Драма советской философии. | страница 56
Второй момент. Вот здесь говорили — о сближении Ильенковым Гегеля и Маркса (по поводу чего как раз и негодовали многие руководящие «официальные» марксисты того времени). И на самом деле, парадигма Ильенкова — это была не чисто марксовская парадигма, а парадигма «Гегеля — Маркса». А если быть еще точнее — это парадигма Гегеля — Маркса — Ильенкова. В этой парадигме Ильенков прописал одну очень важную вещь, которая является истоком и как бы входом в новую парадигму — парадигму нашего времени. Он отметил, что то, что произошло в России после 1917–го года (отметил, в отличие от многих), — это лишь формально — правовое обобществление собственности. Ильенков заметил, что Марксом предусматривался этот первый шажок обобществления, и вместе с тем, как тонко отмечал Эвальд Васильевич, это формально — правовое обобществление, согласно Марксу, есть доведение до конца идеи частной собственности. Это — всеобщая частная собственность, это завершение идеи частной собственности.
И далее, согласно точному и тонкому (ильенковскому!) пониманию Маркса должно осуществляться движение к реальному обобществлению, переход от формальной общественной собственности к личной собственности. Правда, если для Маркса такое формальное обобществление (и возникновение на его основе грубого, казарменного коммунизма) было одной (и не основной!) из возможностей исторического развития, то для Ильенкова казарменный (сталинистский) коммунизм стал тем феноменом, который реализовался и оттеснил в данный период все другие возможности («демократический социализм», например). И Ильенков основательно описал сущность этого социалистического строя, представлявшего собой диктатуру бюрократии, номенклатуру и отчуждение от собственности и власти основной массы граждан страны. Это было как бы конкретизацией дозавершения концепции «казарменного коммунизма», лишь в общих чертах намеченной Марксом.
А вот дальше выяснилось, что этот строй формального обобществления, «казарменный коммунизм», не «спешит» трансформироваться в строй реального обобществления, в политический режим более полной, последовательной, реальной демократии.

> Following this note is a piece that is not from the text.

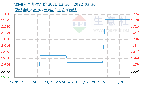 本月國內鈦白粉市場價格繼續維持上漲態勢。國際鈦白粉企業泛能拓、康諾斯等發函宣布將在4月1日上調鈦白粉價格,受此消息影響,3月第二周國內龍企龍佰集團鈦白粉企業的漲價函,隨后攀枝花鈦海科技、江蘇鎮鈦、中核鈦白、山東東佳、濟南裕興、廣西西隴等多家企業發函上調鈦白粉價格。然進入下半月,受到疫情影響,部分地區運輸受阻,鈦白粉庫存開始增加。加之下游需求清淡,原料高位,部分企業開始減產,鈦白粉市場上漲乏力,后勢上漲動力減弱,價格或將保持高位震蕩下調態勢。
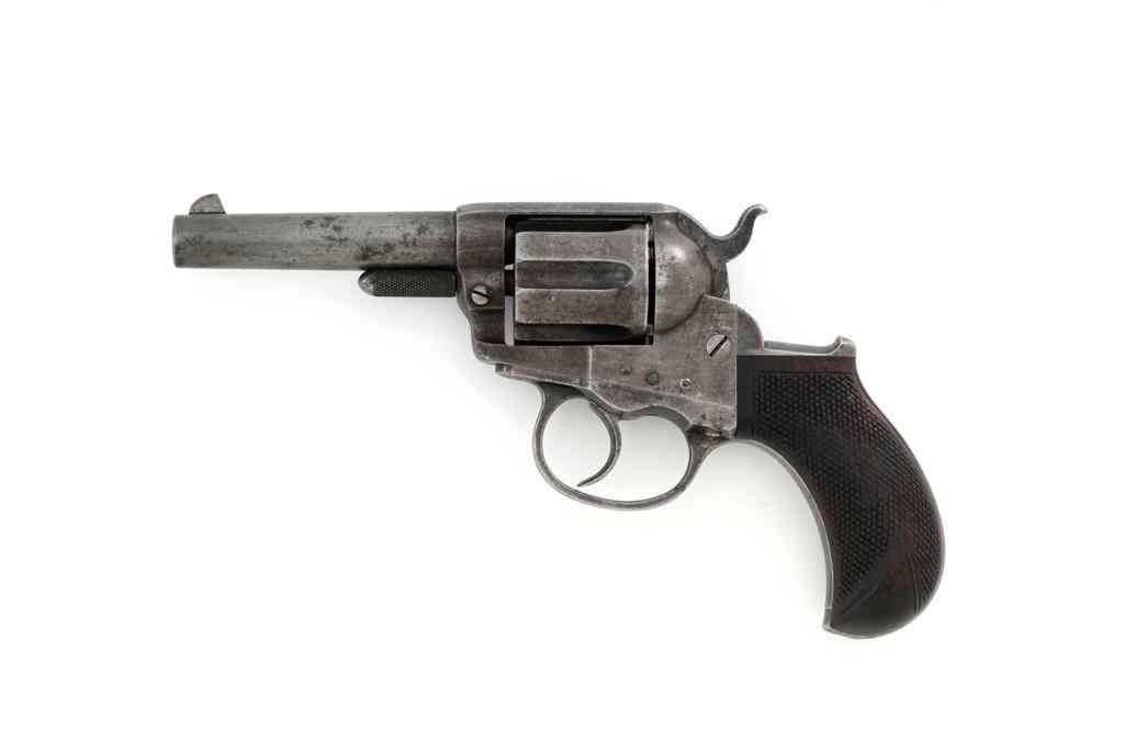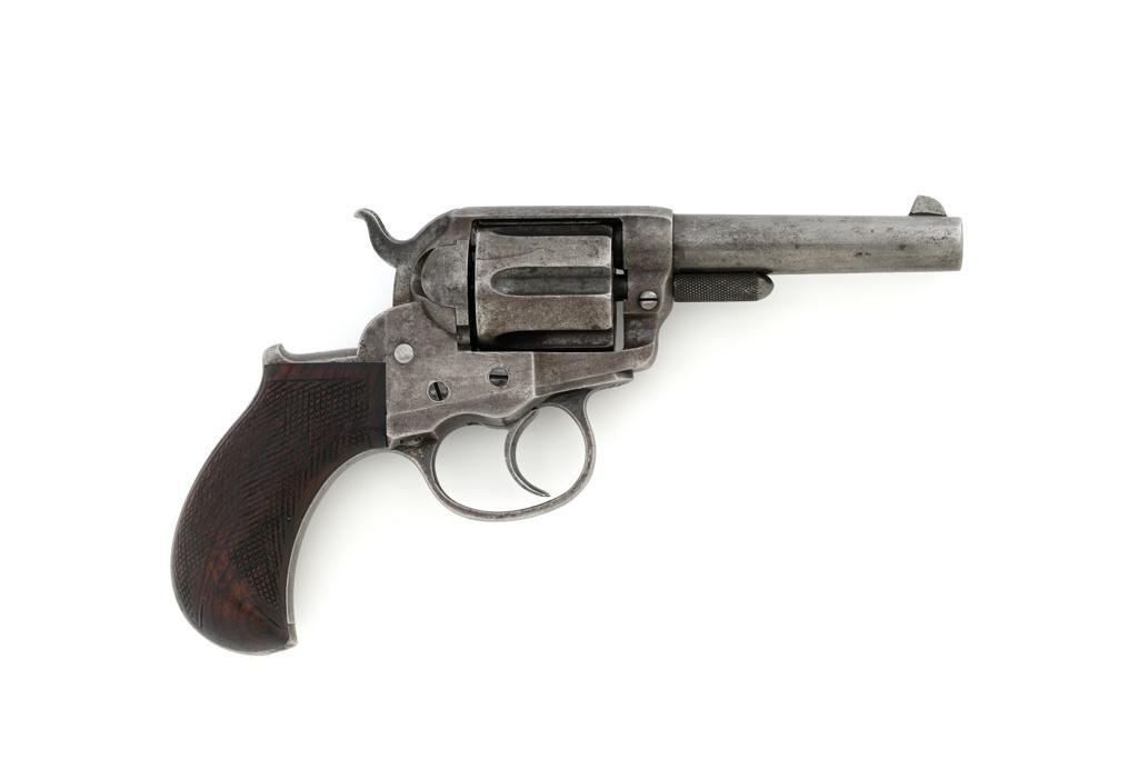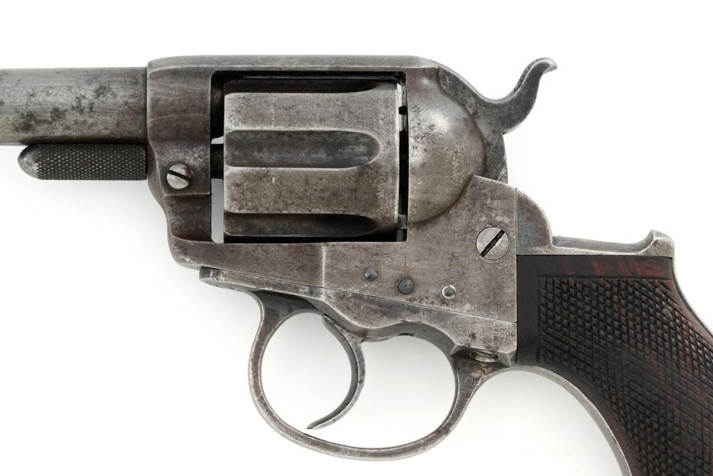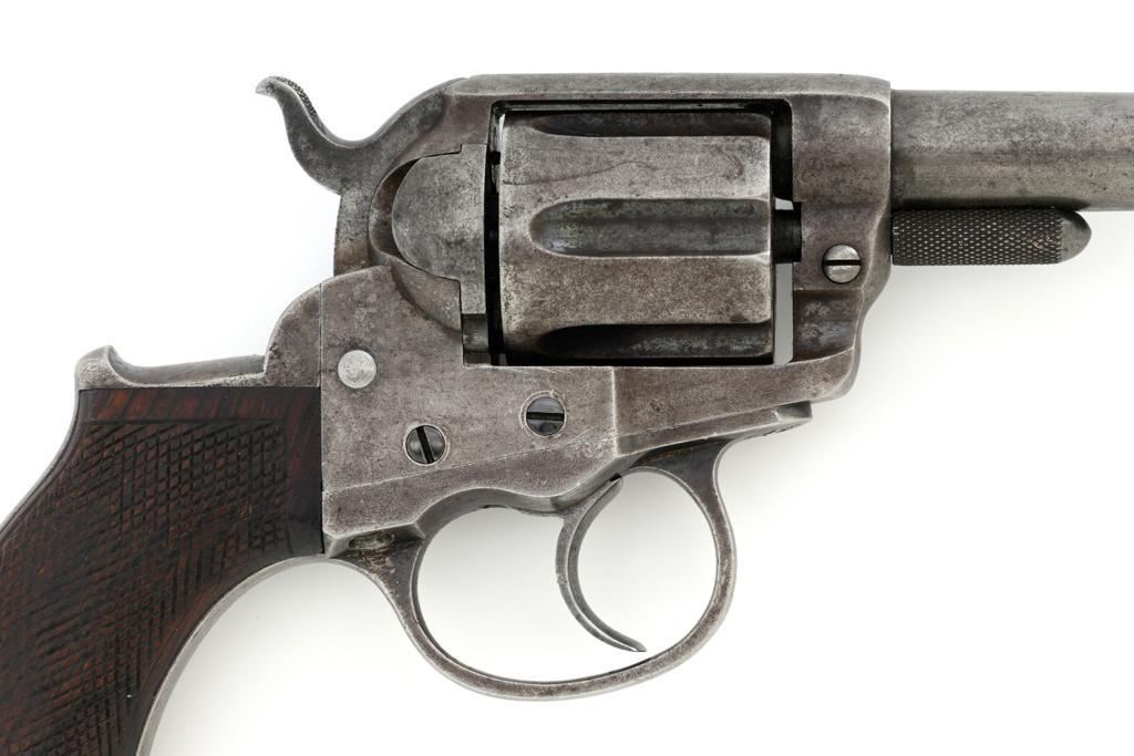 Colt Model 1877 Lightning Double Action Revolver, #466, .38 Colt cal., 3.5'' ejector less barrel, blue and case hardened finish, checkered hardwood grips, blade front and fixed ''V''-notch rear sight. Matching numbers on the frame, barrel assembly, trigger guard, and backstrap. Assembly number ''182'' is stamped inside the loading gate. Barrel with two-line address. Lower left side of the frame with patent dates that are only partially visible. Mfg'd 1877. Revolver is in good condition, retaining approx. 10% blue; balance with combination gray/brown patina. Grips are near fine. Action functions well. Bore is good with scattered light erosion. Est.: $400-$600. (Antique)

Он оказался не временным, «переходным» этапом, а довольно устойчивой формацией. Он сложился, оформился и закостенел. И тогда перед мыслью гуманистических и демократически ориентированных социологов, этих учеников Маркса, встала принципиально новая проблема: определить экономическое и классово — противоречиво содержание этого строя и указать способы его преобразования. Это была уже не марксовская историческая ситуация. Маркс решал проблему преодоления буржуазно — капиталистического строя, теперь надо было решать проблему преодоления принципиально нового (но тоже недемократического и тоже эксплуататорского, и тоже классово — антагонистического) строя.